Nessus in the year It was created in 1998 by Renaud DeRaison, who later runs Tenble, a cybersecurity company that protects Nessus to this day. Originally a free vulnerability scanner, it quickly became popular. Today, Nessus Essentials is still free. Tenable also offers Nessus Professional and Nessus Expert to address known-vulnerable software versions and weak or incorrect security configuration settings for cloud architectures and many IoT devices.

Nessus is highly customizable, with over 175,000 plugins available to enhance and customize. The capabilities.

Nessus Professional and Expert are available as licenses starting at $3,390 and $7,490 respectively.

2. Open VAS

Open the vulnerability assessment scanner (OpenVAS) is an open source vulnerability scanner supported by vulnerability management company Greenbone Networks and a community of researchers and developers.

OpenVAS was launched in 2006 with Nessus code, before Nessus transitioned from open source to a commercial tool. OpenVAS offers some of the same scanning and customization capabilities that Nessus products do today to identify vulnerabilities in individual hosts’ software.

3. Burp Suite

Burp Suite is a tool. Focusing on website and web application vulnerability scanning from PortSwigger. It supports both static and dynamic testing methods to identify potential vulnerabilities. Just as Nessus and OpenVAS are intended to run repeatedly or continuously on hosts, Burp Suite is intended to do the same for enterprise websites and web applications.

Burp Suite Community Edition is a free download. Burp Suite Professional ($449 per user per year) and Enterprise Edition (starting at $8,395 per year) are also available.

4. Snake

Snyk offers several types of vulnerability scanners for software development and supply chain risks, including:

  • Snyk open source It looks for software dependencies that detect vulnerabilities.
  • Snyk code It finds vulnerabilities while developing in the source code.
  • Snyk cloud Scans cloud environments for vulnerable software components, security configuration errors, and other issues.

Snyk is free and paid. Product supplies; Prices vary according to organizational or developer needs.

5. Invader

Infiltrator It’s a cloud-based vulnerability scanner, but that doesn’t mean it only scans cloud-based assets. It scans networks, servers, client endpoints, cloud infrastructure and websites regardless of their location. Like the other scanners listed, it can find unpatched software, security configuration errors, and other vulnerabilities.
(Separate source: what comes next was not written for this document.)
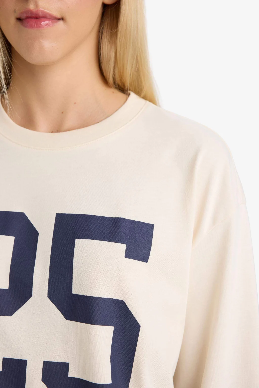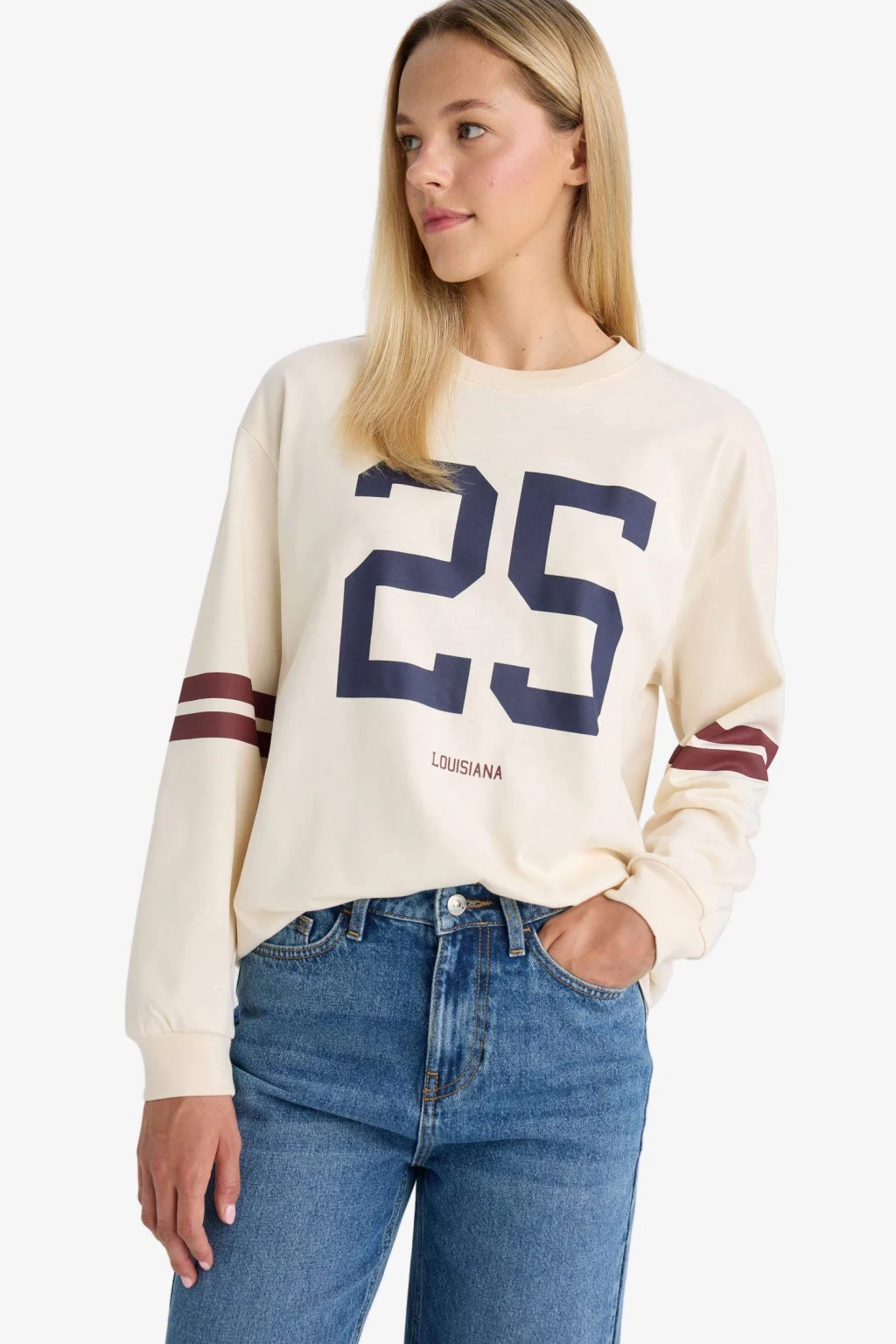Loose Fit Bisiklet Yaka Baskılı Sweatshirt, rahat kalıbı ve modern baskı detayıyla günlük stilinize cool bir hava katar. Yumuşak kumaşı sayesinde gün boyu konfor sunar. Hem evde hem sokakta şıklığı ve rahatlığı bir arada yaşamak isteyenler için ideal bir parça.

Hacker has pro and essential gift levels. Prices are based on the number of targets customers plan to scan.

Deploy vulnerability scanners that cover business needs

Each of these tools differs significantly from the others, but there is also overlap in their capabilities. Overlap is good — even more so, in many cases — because two devices can find more exposures than just one. The biggest concern with vulnerability scanners is that there are loopholes where no scanner checks certain hosts, networks, or applications for a type of vulnerability.

Still, it’s not wise to have multiple vulnerability scanners that do the same thing. Each scanner has an associated business cost — at least to evaluate the results and eliminate false positives and train the individuals — and commercial scanners include a license fee.

It’s good to have a set of vulnerability scanners that together provide all the scanning capabilities your company needs without having to duplicate each other too much.